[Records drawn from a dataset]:
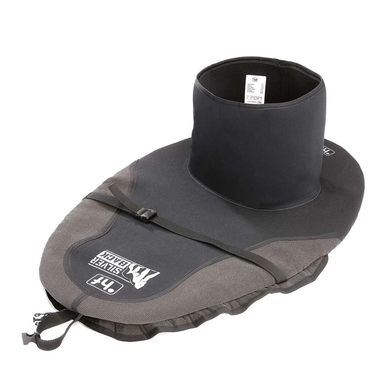 Mehr Sicherheit, mehr Komfort, beste Abdichtung und hoher Abrieb-Schutz – dafür steht die HF SILVERBACK Spritzdecke. Die Wildwasser-Spritzdecke für höchste Ansprüche und bleibt auch in wuchtigen Rapids und bei Wasserfällen zuverlässig auf dem Boot. Zum Öffnen der Spritzdecke bietet die Silverback sowohl eine vordere Griffschlaufe als auch einen Kniegurt. Damit ist in allen Situationen ein schneller Ausstieg aus dem Boot garantiert möglich. Um die Widerstandsfähigkeit noch weiter zu steigern, sind die seitlichen Ränder mit einer Aramid-(„Kevlar“) Verstärkung ausgestattet. Besondere Dichtigkeit erreicht die Silverback durch die „Phatlip“: Der Süllrandgummi presst die Neoprenlippe unter und an den Süllrand, so dass Wasser nicht eindringen kann. Zusätzlich zur Latexverstärkung im Süllrandbereich weist die Silverback weiteren sinnvollen Abriebschutz auf. Als Schutz vor Abrieb durch hohe Rückengurte sowie durch den am Körper getragenen Wurfsack dient die Latexverstärkung rund um den Kaminansatz auf der Tellerinnenseite. Natürlich decken die seitlichen Kevlarverstärkungen der Silverback exakt die besonders beanspruchten Bereiche ab. Ein kleines feines Detail an der Silverback ist der Clip an der vorderen Öffnungsschlaufe. Damit kann die Decke zum Laufen hochgeklappt und am Schulterträger der Schwimmweste befestigt werden. Das macht Laufen und Klettern in Kajakausrüstung komfortabler und sicherer. Einzigartig ist der reflektierende Print auf der Neoprenteller-Unterseite: Wird die Spritzdecke beim Laufen hochgeklappt und mit dem kleinen Clip am Schulterträger der Schwimmweste befestigt, ist nicht nur der schwarze Neoprenteller zu sehen, sondern natürlich auch der hoch reflektierende Druck. Damit ist der Paddler z.B. auch auf der Straße auf dem Weg zum Auto immer gut erkennbar.
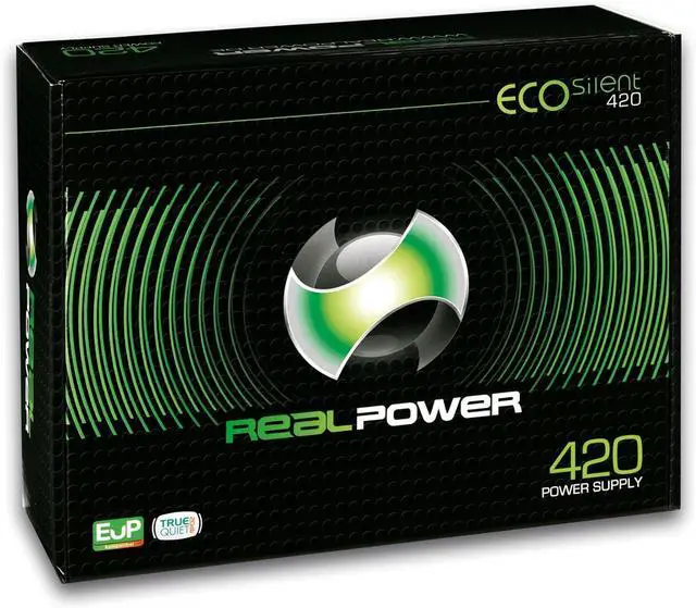 RealPower RP420 ECO Silent The RealPower RP-420 ECO Silent power supply has a power of 420 W, is equipped with a 120 mm fan and is ATX 2.2 compatible.
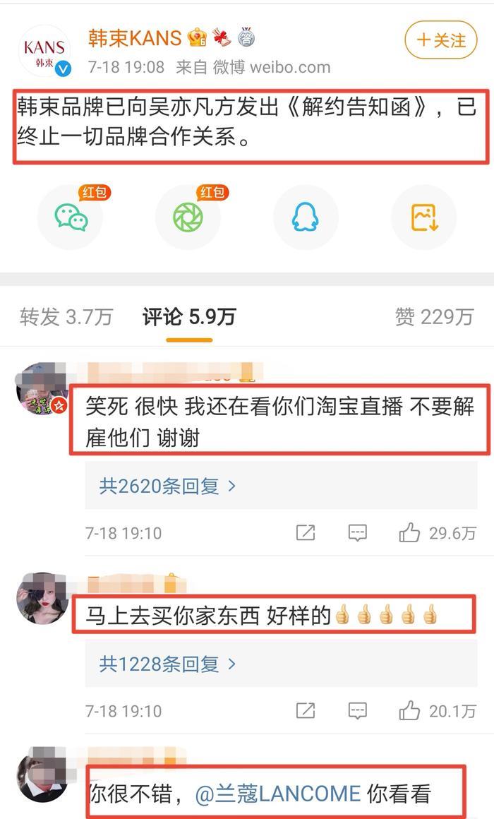 吴亦凡之前都可以说是“桃色绯闻”,而这次如果属实(请注意假设条件),他可是实实在在地在犯法的边缘反复横跳了,网友们群情激愤,呼吁各大品牌赶紧和吴亦凡解约,这一次,绝不能轻飘飘地放过他。在各大品牌们还在观望时,韩束第一个发布声明,宣布已和吴亦凡终止一切合作关系,受到了网友们的一致好评。
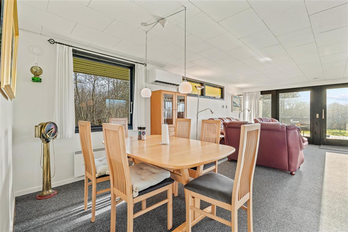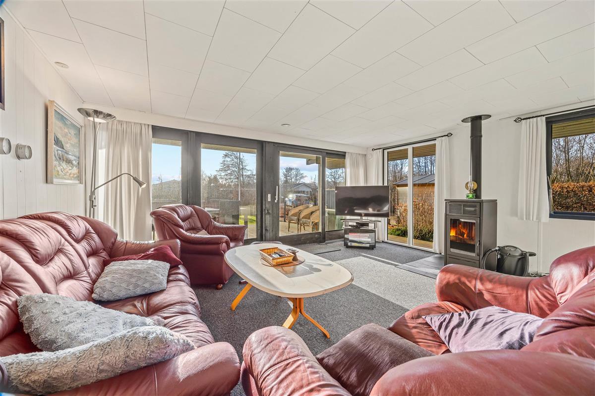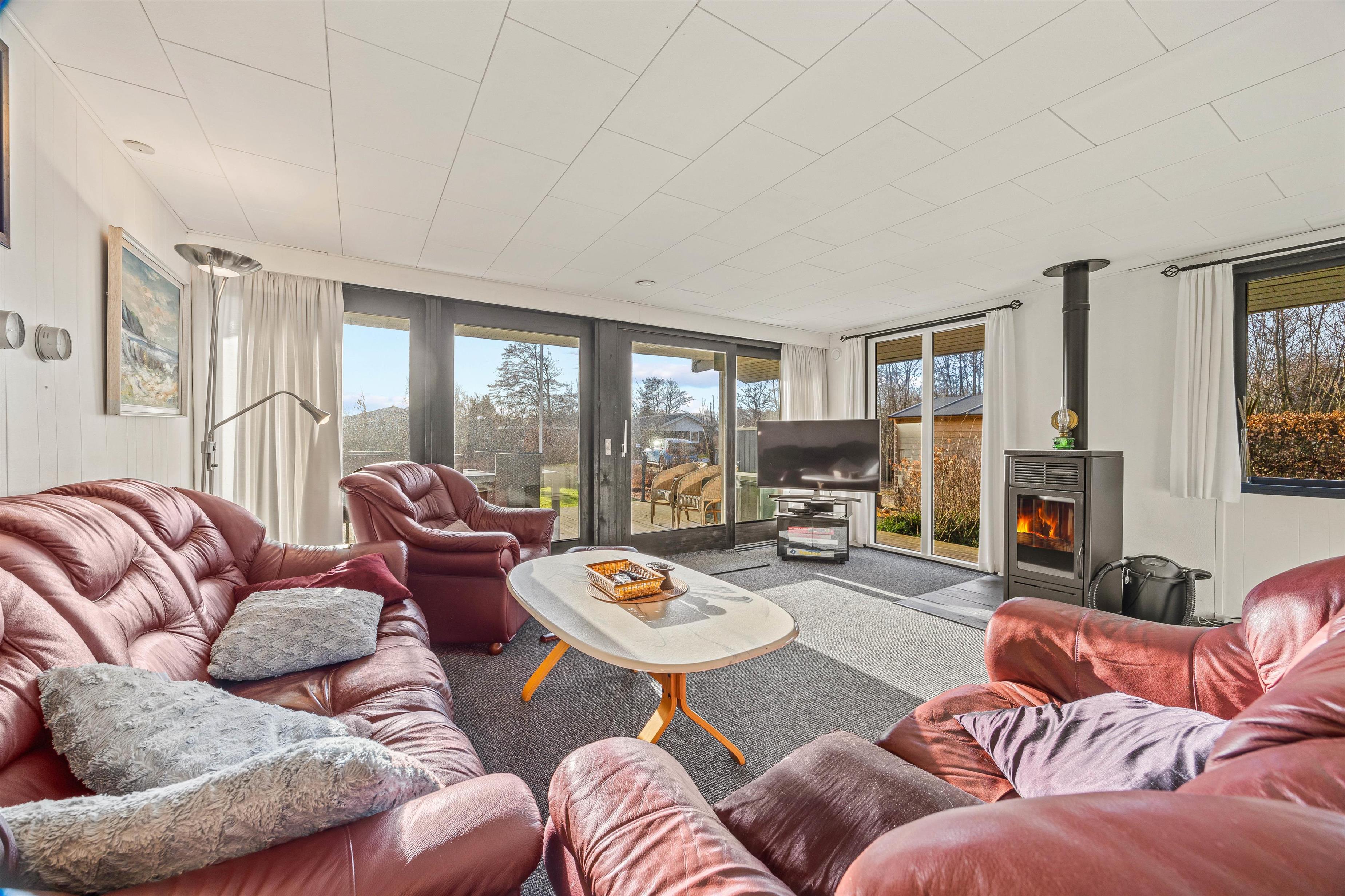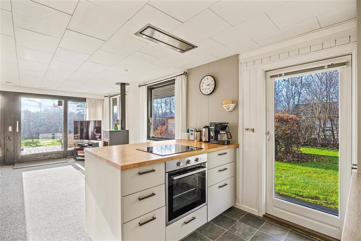 The other section of the holiday home features a spacious living area with an integrated kitchen, renovated in 2023, where the whole family can gather to spend quality time together. Whether cooking together, enjoying a cosy games night at the dining table or watching films - the gentle warmth from the pellet stove creates a wonderfully comfortable atmosphere. Throughout the holiday home, numerous windows flood the rooms with natural light, creating an open and welcoming feel. You can enjoy lovely views of the outdoors from every corner.
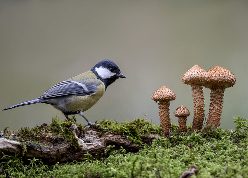 Гриб чешуйчатка обыкновенная и большая синица
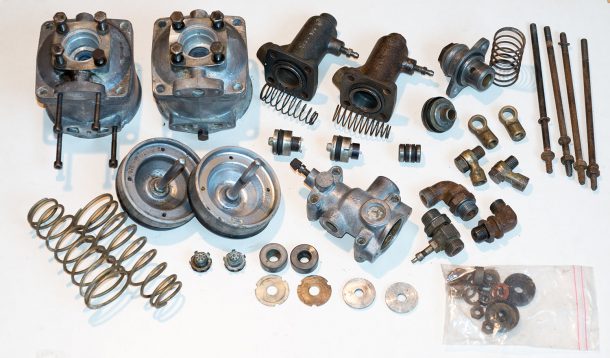 Scheinwerfer, Radkasten, Lampen, Verblendungsteile und Lichtmaschine wurden auseinandergebaut und gesäubert. Die Teile wurden sandgestrahlt und grundiert.
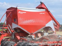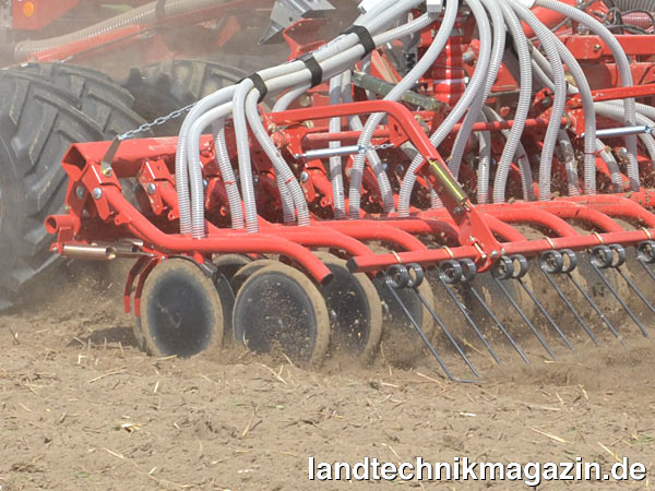 Der Scheibeneggensektion folgt ein großer Reifenpacker mit 900 mm Durchmesser. Der Boden wird somit vor der eigentlichen Aussaat rückverfestigt und gleichzeitig soll der Zugkraftbedarf durch die großen Räder deutlich reduziert werden.
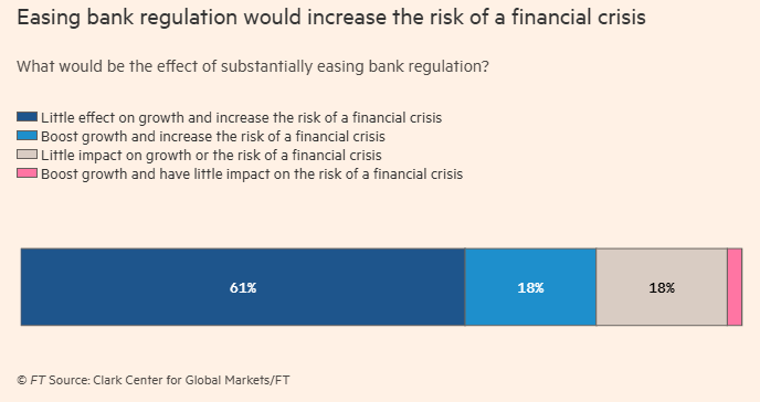 多数受访者并不支持特朗普政府推动、沃什支持的放松银行监管举措。超过60%的经济学家表示,短期内这不会对增长有明显促进作用,反而实质性地增加了金融危机的风险。
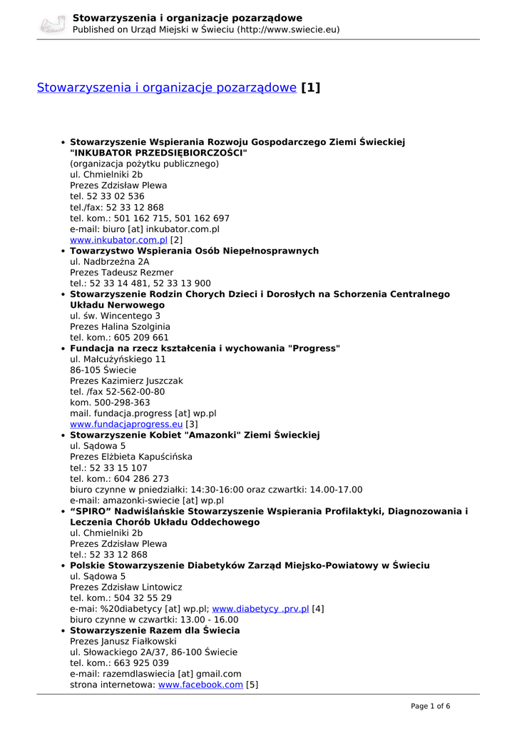 Stowarzyszenia i organizacje pozarządowe Published on Urząd Miejski w Świeciu (http://www.swiecie.eu) Stowarzyszenia i organizacje pozarządowe [1] Stowarzyszenie Wspierania Rozwoju Gospodarczego Ziemi Świeckiej "INKUBATOR PRZEDSIĘBIORCZOŚCI" (organizacja pożytku publicznego) ul. Chmielniki 2b Prezes Zdzisław Plewa tel. 52 33 02 536 tel./fax: 52 33 12 868 tel. kom.: 501 162 715, 501 162 697 e-mail: biuro [at] inkubator.com.pl www.inkubator.com.pl [2] Towarzystwo Wspierania Osób Niepełnosprawnych ul. Nadbrzeżna 2A Prezes Tadeusz Rezmer tel.: 52 33 14 481, 52 33 13 900 Stowarzyszenie Rodzin Chorych Dzieci i Dorosłych na Schorzenia Centralnego Układu Nerwowego ul. św. Wincentego 3 Prezes Halina Szolginia tel. kom.: 605 209 661 Fundacja na rzecz kształcenia i wychowania "Progress" ul. Małcużyńskiego 11 86-105 Świecie Prezes Kazimierz Juszczak tel. /fax 52-562-00-80 kom. 500-298-363 mail. fundacja.progress [at] wp.pl www.fundacjaprogress.eu [3] Stowarzyszenie Kobiet "Amazonki" Ziemi Świeckiej ul. Sądowa 5 Prezes Elżbieta Kapuścińska tel.: 52 33 15 107 tel. kom.: 604 286 273 biuro czynne w pniedziałki: 14:30-16:00 oraz czwartki: 14.00-17.00 e-mail: amazonki-swiecie [at] wp.pl “SPIRO” Nadwiślańskie Stowarzyszenie Wspierania Profilaktyki, Diagnozowania i Leczenia Chorób Układu Oddechowego ul. Chmielniki 2b Prezes Zdzisław Plewa tel.: 52 33 12 868 Polskie Stowarzyszenie Diabetyków Zarząd Miejsko-Powiatowy w Świeciu ul. Sądowa 5 Prezes Zdzisław Lintowicz tel. kom.: 504 32 55 29 e-mai: %20diabetycy [at] wp.pl; www.diabetycy .prv.pl [4] biuro czynne w czwartki: 13.00 - 16.00 Stowarzyszenie Razem dla Świecia Prezes Janusz Fiałkowski ul. Słowackiego 2A/37, 86-100 Świecie tel. kom.: 663 925 039 e-mail: razemdlaswiecia [at] gmail.com strona internetowa: www.facebook.com [5] Page 1 of 6 Stowarzyszenia i organizacje pozarządowe Published on Urząd Miejski w Świeciu (http://www.swiecie.eu) Stowarzyszenie Pomocy Osobom ze Spektrum Autyzmu "Niebieski Klucz" w Świeciu ul. Wojska Polskiego 69B/54, 86-105 Świecie Prezes Monika Rezmer, tel.: 531 788 485, e-mail: niebieski.klucz-swiecie [at] o2.pl Wiceprezes Aleksandra Sikorska, tel.: 693 457 329, e-mail: a.m.sikorska [at] hotmail.com strona internetowa: www.facebook.com [6] Stowarzyszenie Popierania Sportowej Sylwetki "Next Gym" w Świeciu Prezes Krzysztof Browiński ul. Hallera 4/1, 86-100 Świecie Tel.: 602 134 280 e-mail: info [at] nextgym.pl Polski Związek Hodowców Gołębi Pocztowych Oddział Świecie z siedzibą w Laskowicach Prezes Zbigniew Graczyk tel. kom.: 784 193 289 e-mail: zb.graczyk [at] op.pl; zielinski.zenon@zgm-swiecie [7]; strona internetowa: www.pzhgp_okregtorun.republika.pl [8] Polski Związek Niewidomych Koło PZN w Świeciu ul. Wojska Polskiego 139, OKSiR (Dom Kultury) Prezes Alicja Frank tel.: 515 23 10 24 biuro czynne w środy: 10:00 - 12:00 oraz czwartki: 16:00 - 18:00 Polski Czerwony Krzyż ul. Wojska Polskiego (barak nr 1) Prezes Arkadiusz Wojciechowski tel.: 52 33 11 820 strona internetowa: www.krwiodawcy.wswieciu.pl [9] Towarzystwo Przyjaciół Dzieci ul. Wojska Polskiego (barak nr 1) Prezes Halina Urban tel.: 52 33 13 245 Godziny urzędowania: wtorki i środy: 9:00 - 11.00 oraz piątki 15.00 - 17.00 strona internetowa: www.tpdswiecie.cba.pl [10] Klub Seniora "KOCIEWIACY" ul. Wojska Polskiego 139, OKSiR (Dom Kultury) Przewodnicząca Teresa Szeczewska tel. kom.: 694 941 956 Klub Seniora "WRZOS" ul. Marszałka Piłsudskiego 15 Prezes Anna Świerczyńska tel. kom.: 602 511 083 e-mail: ania_mats53 [at] o2.pl strona internetowa: www.kswrzos.pl [11] Klub Seniora Stokrotka ul. Kard. Wyszyńskiego 15 Prezes Anna Rozmus tel.: 52 33 12 188 e-mail: sok.stokrotka [at] wp.pl strona internetowa: www.stokrotka.smswiecie.pl [12] Polski Związek Emerytów, Rencistów i Inwalidów ul. Sądowa 5 Związek Represjonowanych Żołnierzy i Górników ul. Sądowa 5 Związek Kombatantów RP i Byłych Więźniów Politycznych ul. Sądowa 5 tel.: 52 33 11 842 Towarzystwo Przyjaciół Dolnej Wisły ul. Młyńska 4 86-111 Gruczno Page 2 of 6 Stowarzyszenia i organizacje pozarządowe Published on Urząd Miejski w Świeciu (http://www.swiecie.eu) Prezes Sylwia Kuklińska tel. kom.: 664 480 549 e-mail: aborygeniznadwisly [at] wp.pl%20">aborygeniznadwisly [at] wp.pl [13] strona internetowa: www.tpdw.pl [14] Zespół Parków Krajobrazowych Chełmińskiego i Nadwiślańskiego ul. Sądowa 5 tel./fax: (52) 33 15 000 e-mail: dolwislapark [at] poczta.wp.pl strona internetowa: www.dolnawisla.pl [15] Związek Nauczycielstwa Polskiego ul. Sienkiewicza 3 Prezes Ewa Mielewska tel.: 52 33 11 866 Cech Rzemieślniczy i Przemysłowo-Handlowy ul. Słowackiego 16 Starszy Cechu Adamiak Matylda tel.: 52 33 33 275; 52 33 33 276 e-mail: cechsw [at] wp.pl strona intenetowa: www.swiecie-bip.izbarzem.pl [16] Oddział PTTK w Świeciu ul. Mestwina 1 Prezes Marek Grębecki tel.: 52 562 09 39 Koło Wędkarskie Świecie Adres: 86-100 Świecie, ul. 10 Lutego 18 Miejsko-Gminne Koło Pszczelarzy w Świeciu adres do korespondencji: Czesław Wejner ul. Paderewskiego 45 86-105 Świecie tel.: 52 33 15 421 e-mail: czeslaw.wejner [at] neostrada.pl Stowarzyszenie Osób Bezrobotnych ul. św. Wincentego 1 tel. kom.: 509 511 310 lub 600 990 562 e-mail: sob [at] autograf.pl; sobswiecie [at] gmail.com strona internetowa: www.sobswiecie.blogspot.com [17] Stowarzyszenie PRO PUBLICO BONO. Dla dobra wspólnego Oddział Regionalny w Świeciu ul. Laskowicka 1/18 86-100 Świecie e-mail: propublico_swiecie [at] poczta.onet.pl () Liga Ochrony Przyrody ul. Sądowa 5 86-100 Świecie prezes: Kazimierz Gerke Stowarzyszenie "Orkiestra Dęta Świecie" (organizacja pożytku publicznego) ul. Bydgoska 1, 86-100 Świecie tel. kom.: 606 275 572 strona internetowa: www.orkiestraswiecie.pl [18] Klub Szachowy "Gambit" Świecie ul. Wyszyńskiego 15, 86-105 Świecie (Spółdzielczy Ośrodek Kultury "Stokrotka") Prezes Leszek Bultrowicz tel.: 793 292 272 Klub Brydżowy "Blotka" Świecie

[What is expected]: Reproduce exactly the lines above starting at the line containing "Der Scheibeneggensektion folgt" and ending at the line containing "多数受访者并不支持特朗普政府", including both, but not the pictures.

[Reply to the task]:
 Der Scheibeneggensektion folgt ein großer Reifenpacker mit 900 mm Durchmesser. Der Boden wird somit vor der eigentlichen Aussaat rückverfestigt und gleichzeitig soll der Zugkraftbedarf durch die großen Räder deutlich reduziert werden.
 多数受访者并不支持特朗普政府推动、沃什支持的放松银行监管举措。超过60%的经济学家表示,短期内这不会对增长有明显促进作用,反而实质性地增加了金融危机的风险。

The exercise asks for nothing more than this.